# Orijen Red Meat formula dry kibble



## Guest (May 29, 2009)

I just saw an ad in 'Modern Dog' magazine that Orijen has come out with a new red meat formula dry kibble.

'Regional Red' features free range bison and wild boar with a bit of wild-caught fish thrown in.

Check out Orijen's web site at Champion Petfoods | Home for details.


----------



## Unosmom (May 3, 2009)

Thats good news for dogs with chicken intolerancy, I hope it wont be as expensive as fish, I had to switch to Acana provincial because of the price increase. Its good food though.


----------



## wags (Jan 31, 2009)

WooHoo!!!!!!!!!!! Looks like someoone's going to the store soon to pick some up! Hopefuly they will have it or I will have them order some! Thanks for the information!:smile:


----------



## MandyPug (Sep 21, 2008)

The food comes out in June and i'm so excited! I heard about it at the big pet supplier convention a month and a half ago... We all can't wait at our store for it to come in!


----------



## Scarlett's Mum (May 28, 2009)

Very exciting! I am feeding the 6 Fresh Fish and since I can't feed chicken, I was hoping Orijen would come out with a red meat formula. Hooray!

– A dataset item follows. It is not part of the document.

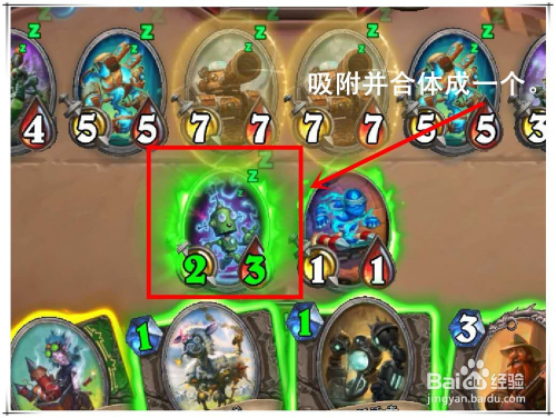 从上图可以看到:“磁力——就是将具有磁力的牌置于机械牌的左侧可使其合体”,简单的说就是,将具有磁力属性的牌放到机械牌的左侧,可以让磁力牌与机械牌合体。下面,是两种牌合体的结果。
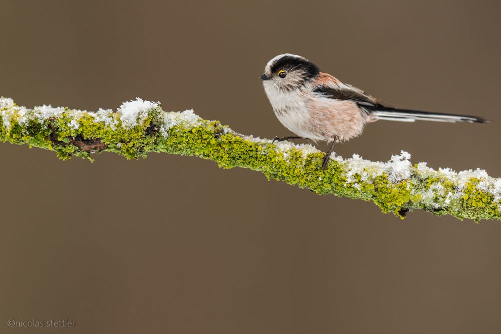 The temperature was hovering around zero that day and there was a strong wind. The snow kept thawing until the next snowfall covered the landscape in white again. It was constantly dripping down from the trees and so after a few hours I was completely soaked. Due to the quite strong wind, I soon had cold and wet fingers. Apart from the shutter release and the button for the autofocus, I couldn't really operate the camera well anymore and so I decided to pack up. I was just about to take the camera off the tripod when, out of nowhere, this long-tailed tit landed on my branch. As quickly as it came, it was gone again, but the time had been enough and of the 5 photos taken, exactly one was perfectly sharp.

I'm also curious about the price point. $75/bag for the 6 Fresh Fish hurts, but it is worth every penny.


----------



## chowder (Sep 7, 2008)

If you shop around the internet you can find the price of the Orijen varies tremendously. I get the puppy Orijen delivered to my house for $33 for the 15 pounds or about $59 for the 30 pounds and that includes the charge for delivery. The fish version does cost more but the regular adult is a little cheaper then the puppy. It will be interesting to see what the Red Meat will cost.


----------